Do you think artists, as public figures, have a responsibility to behave a certain way, talk about particular issues, etc.?

Rod: Yes! We become accidental role models… whether we like it or not.

Gross: I think everyone—regardless of their political perspective—has a responsibility to respect others. Be nice. We should all talk about that; let’s “Come Together.”

Adam: It’s tricky, because I’m a professor as well as musician, and one of the things I do as a scholar is write and speak about cultural and racial politics. I often try to create dialogues between competing positions, but sometimes my heterodoxy leads me to go “wait a minute,” and remain skeptical—withholding my immediate condemnation of the things everyone leaps to condemn, seeking countervailing evidence, and sometimes doing ideological battle when the principles I value are under attack.
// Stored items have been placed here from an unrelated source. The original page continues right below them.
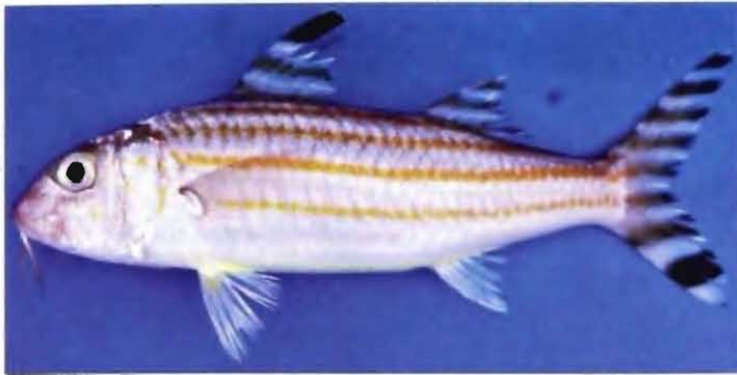
Upeneus vittatus (Forsskal 1775) 21 cm SL.
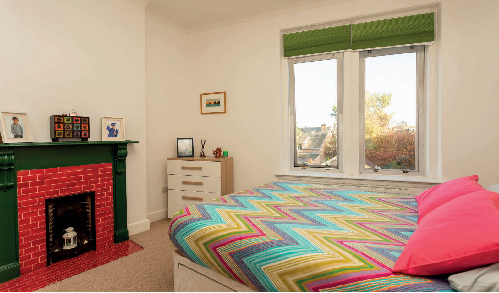
First Floor 79.0 sq.m. approx.
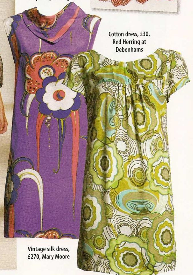
Cotton dress, £30, Red Herring at Debenhams
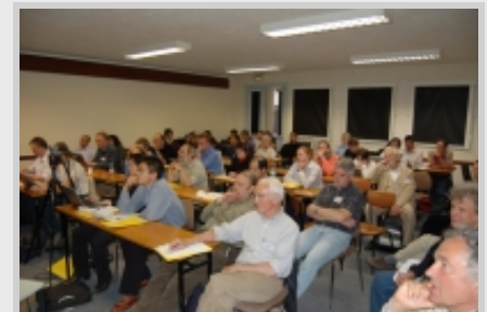
Attendants during the workshop
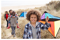
Building Strong Relationships with Families
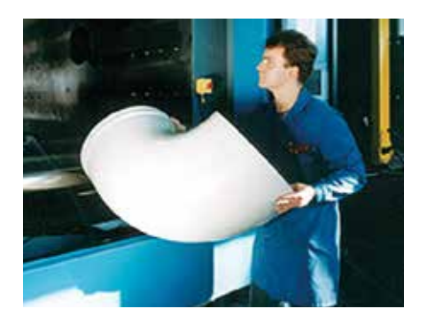
1966: INJECTION MOULDING

NUMEROUS WORLDWIDE PATENTS AND CONTINUOUS NEW AP-PLICATIONS UNDERLINE THE INNOVATIVE STRENGTH OF THE AGRU GROUP AND ITS GLOBAL ACTIVITIES
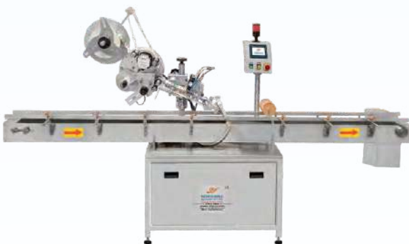
Automatic Top and Side Sticker Labelling Machine
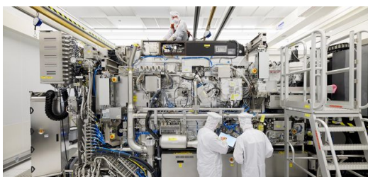
ASML employees working on a new generation of the EUV lithography system NXE3400B.
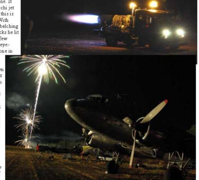
And there were fireworks too!!

normal run of the mill SWB Blitz with a set of chrome car wheels, but bolted on the tray is a whopping Rolls Royce Viper jet engine. It used to live in a Macchi jet aircraft. (Remember this is an aviation night) With flames permanently belching from the exhaust stacks he lit up the afterburner a few times to singe a few eyebrows and get everyone in the right mood then released the brakes and disappeared down the airstrip. With that afterburner lit up you always knew where he was. Quite a sight in the pitch black bush. Dropping back to an idle (jets idle?) he chucked a U turn and blasted off back towards us. It sure kept you warm on a cool night.
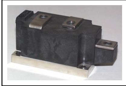
ND412235 Dual Diode Isolated POW-R-BLOK™ Module 200-350 Amperes / 2000-2200 Volts
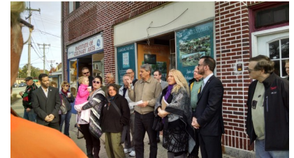
Former Mayor and HSVA

After many years of storage at the Lyman Allyn Art Museum, the historic monument was returned to its original location in Hodges Square. A ribbon-cutting ceremony was held on November 24, 2015.
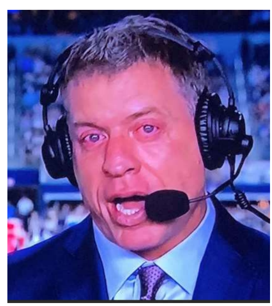
"...like an old man trying to send soup back at the deli..."

Yet when I make music—when I’m actually making music—I’m always working towards unity, towards brotherhood. Sterling and I did that on the streets of Harlem: creating an image of brotherhood in the midst of a dark season in New York City’s history of racial strife. Sir Rod & The Blues Doctors are about that, an undeniable positive vibe that says, “Hey people, we are the solution to this mess. Come on in and stay awhile.” I’m a fan of beloved community, finally. That’s where my heart is, and my family life.

Can you name any musicians across the aisle? Who are your favorite?

Rod: Frank Sinatra (fave), Kanye West, Gene Simmons.

Adam: I suspect that Cowboy Troy’s politics are somewhat to the right of mine, but I’ll confess to being a fan of his one-off country-rap hit, “I Play Chicken With the Train.”

Do you have any advice for musicians navigating your local music scene?

Rod: Practice, practice, practice… treat practice like part of your musician job!

What's Next?

What’s coming down the pike next for Sir Rod & the Blues Doctors? Are you finally playing live again after a pandemic hiatus? Any plans for a new album or tour that we can plug?

  • Keeping It In The Family – Sir Rod & The Blues Doctors LIVE Album
  • The Keeping It In The Family Tour – Kicks off on May 20, 2022, in Gulfport, Florida

Do you have any ideas for how Braver Angels could be a positive force in the creative community?

Rod: A Braver Angels Music Festival in 2023. 🙂

Adam: Hell yes! Create that space and they will come. We will, too.